Поспевали первые вишни. В саду подсобного хозяйства краснела клубника, наливалась соком и темнела с каждым днём чёрная смородина.
Рослый и широкогрудый полковник Градов с весёлой озабоченностью нанёс визит в библиотеку:
– Предлагаю вам Мария Петровна съездить в пойму Оки, ознакомиться, как идут дела с сенозаготовкой.
Мария, изумлённо и растерянно взирая на директора, неуверенно проговорила:
– В качестве кого я туда поеду?
– Считайте это партийным поручением. Как член бюро вы должны быть в курсе не только дел в библиотеке и клубе, а знать положение во всём нашем хлопотном хозяйстве. Заодно посмотрим на вотчину Генералова – знаменитого советского буржуя.
– Мы?
– Ну да, не пешком же топать до Дединовских лугов. Я отвезу, заодно в Оке искупаемся. В такую жару окунуться – святое дело.
Бывшая певунья засомневалась:
– Что Петя Кириллин подумает?
Петя, умница и весельчак был персональным водителем директора. Кроме «Победы», за ним закрепили приспособленный для перевозки людей «Студебеккер».
– Петя ничего не подумает – он занят перевозкой продуктов и людей. За руль сяду сам…
В конторе приокского колхоза имени Ленина, Градов вёл себя как младший партнёр председателя.

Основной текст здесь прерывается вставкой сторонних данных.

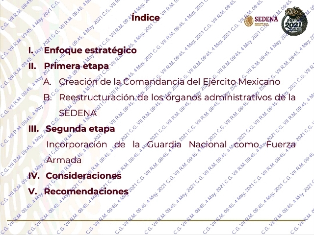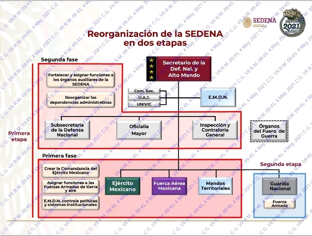 En la segunda etapa se incorporará a la Guardia Nacional “como Fuerza Armada”, recordando que “la Sedena ya ejerce la coordinación operativa” de la corporación. La incorporación se proyecta en dos etapas; la primera, en 2021, contempla “presentar al presidente el proyecto de iniciativa de reforma constitucional, remitir el proyecto a la Cámara de Diputados, cabildeo en el congreso y promulgación de la reforma constitucional”.

Формально он командовал втрое большим количеством людей, но знаменитый на всю страну Фёдор Генералов, умел ненавязчиво и вежливо внушать к себе почтение.
Решив второстепенные вопросы., директор не повёз Мари ю Петровну на близлежащий луговой стан, А, показав диковинную для неё паромную переправу, направил автомобиль вдоль левого берега к пляжу за кустами, что чуть выше по течению Дединовского острова…

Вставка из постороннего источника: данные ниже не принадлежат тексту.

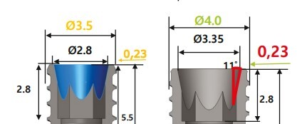 - размерами (длинами и диаметрами): большинство размеров имплантов у различных производителей схожи, но у некоторых есть короткие и узкие импланты, которых нет у других. А такие импланты порой дают возможность избежать наращиваний или вообще кроме них ничего другого нельзя поставить в принципе.
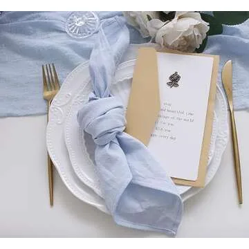 JINVASE Dinner Cloth Napkins Bulk,100% Soft Cotton Linen Napkins,Washable Napkins with Hemmed Edges for Weddings Decorations,Family Event Parties,16”*16”,(Set of 12, Pale Blue)
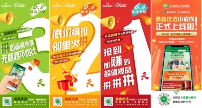 一个活动的顺利开展,不仅得益于好的商品和优质的活动,更得益于前期的造势营销,为充分打响孟鑫活动知名度,孟鑫超市在全球蛙的助力下提前布局预热宣传,商品9宫格、倒计时海报、社群商品推广等,抢鲜占领顾客认知,为活动的顺利开展打下了扎实的基础!
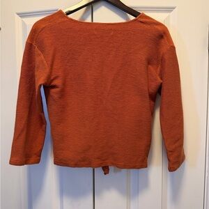 Chic terracotta blouse with a flattering V-neck. Features a stylish tie front. Ideal for versatile styling.
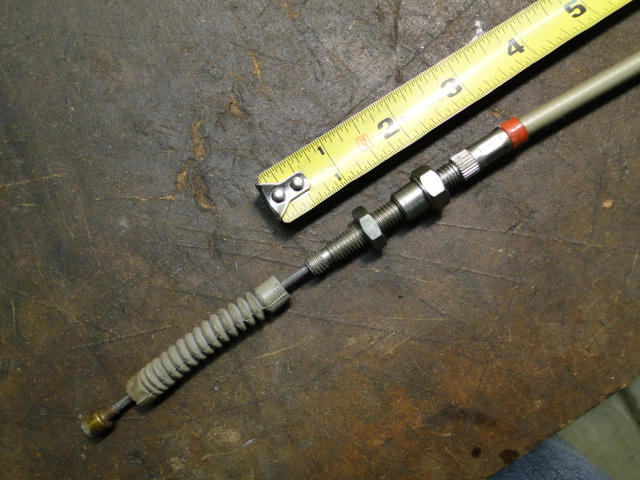 Not really sure what this is from but it was NOS from a rat's nest of cables that I bought from a Honda dealer. I think its Honda, but can't guarantee that either. Note adjuster is swaged to conduit and it has 2 nuts on it - slightly different than a CB77 front brake cable. If you can ID it and you want it it's yours for shipping just email me at swmrescue@cox.net. Measurements as shown and the wire is 46-1/2" tip-to-tip.

За лето совершили три пляжных вояжа. Плодородная пойма приятно удивляла Марию Петровну жирным чернозёмом, тысячными стадами коров, несметным количеством гусей, ухоженными полями и весёлыми, простодушными людьми, считающими Дединово пупом земли, и потому, никуда не стремящимися (в смысле сбежать из деревни). Библиотекарша не отказалась бы от более частых визитов на пляжный берег, но любвеизбыточный директор строго соблюдал график завоза своих многочисленных пассий. Он, не особо стесняясь, говорил:
–Должен же кто-то скрашивать женское одиночество…
Митька Ряжнов называл Градова уважительно-иронично «осеменатором» …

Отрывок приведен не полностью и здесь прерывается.